Try to think of Social Security as a huge pile of money that is continually being collected. Every worker pays about 6.2 percent of their wages up to a cap of 106,800.00, and employers pay the same. The money you contribute is a part of the total amount collected, and not set in an individual account.
The money collected over the lifetime of a worker who dies before receiving a social security check, stays with this huge pile of money. The contributed money stays in the fund from which benefits are distributed to workers and their families. Benefits may be distrinuted to a widower, a surviving divorced husband, dependent parents, disabled children, and children if they have not reached adulthood. No money collected is ever refunded because a contributing worker did not live to receive a redistribution.

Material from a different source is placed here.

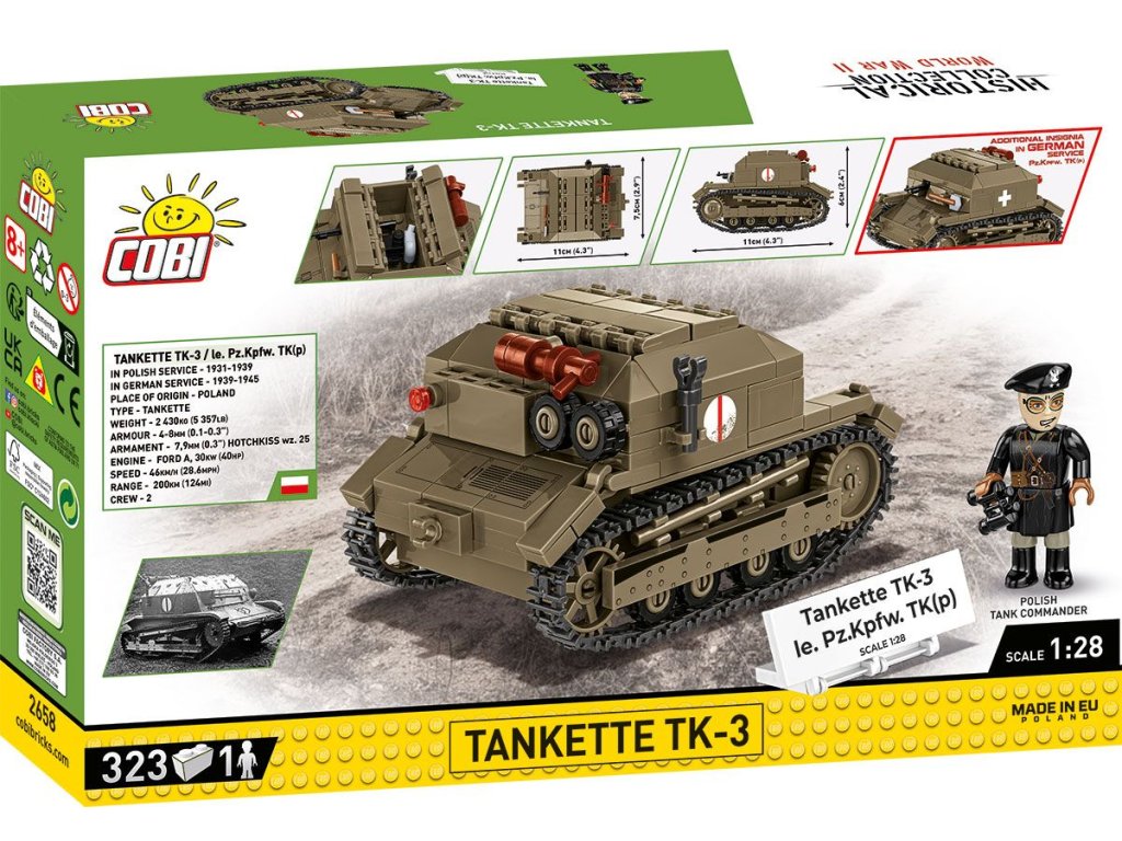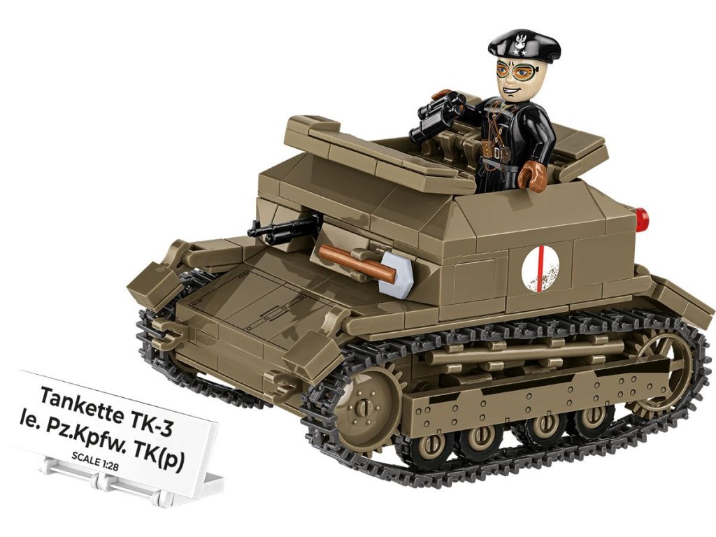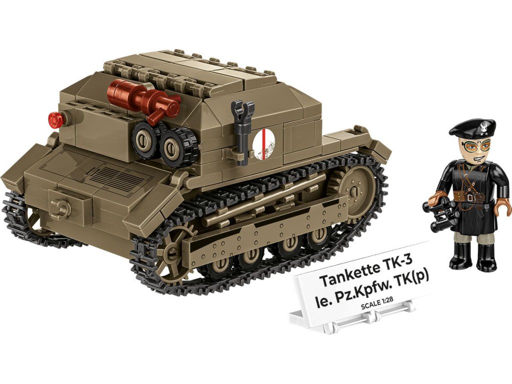 Lehký tank TK-3, jedno z prvních polských obrněných vozidel, sehrál důležitou roli v zářijovém tažení roku 1939, podporoval pěchotu a plnil průzkumné úkoly. Model je v měřítku 1:28 a měří 11 x 7,5 x 6 cm. Má mnoho funkčních částí. Balení obsahuje 323 kostek stavebnice a figurku vojáka.

The aging population has not snuck up on the Social Security Administration. To prepare for the baby boomers retirement, Social Security has collected more money than it pays out in benefits. Surplus collected money goes into a trust fund and are invested in United States guaranteed Treasury bonds. This trust fund contained about 2.5 trillion (2009 figures) in bonds and was earning about 4.9 percent in interest. These bonds are just as legitimate as U.S. Treasury bonds held by mutual funds, or foreign banks.
Looking at Social Security as a huge pile of money that is continually collected and slowly redistrbuted helps readers identify the interest in Social Security. Social Security is a huge pile of money, and political groups enjoy having control over money. Social Security has not contributed to the United States deficit. The huge pile of collected money is projected to be more than 4.3 trillion dollars by 2023.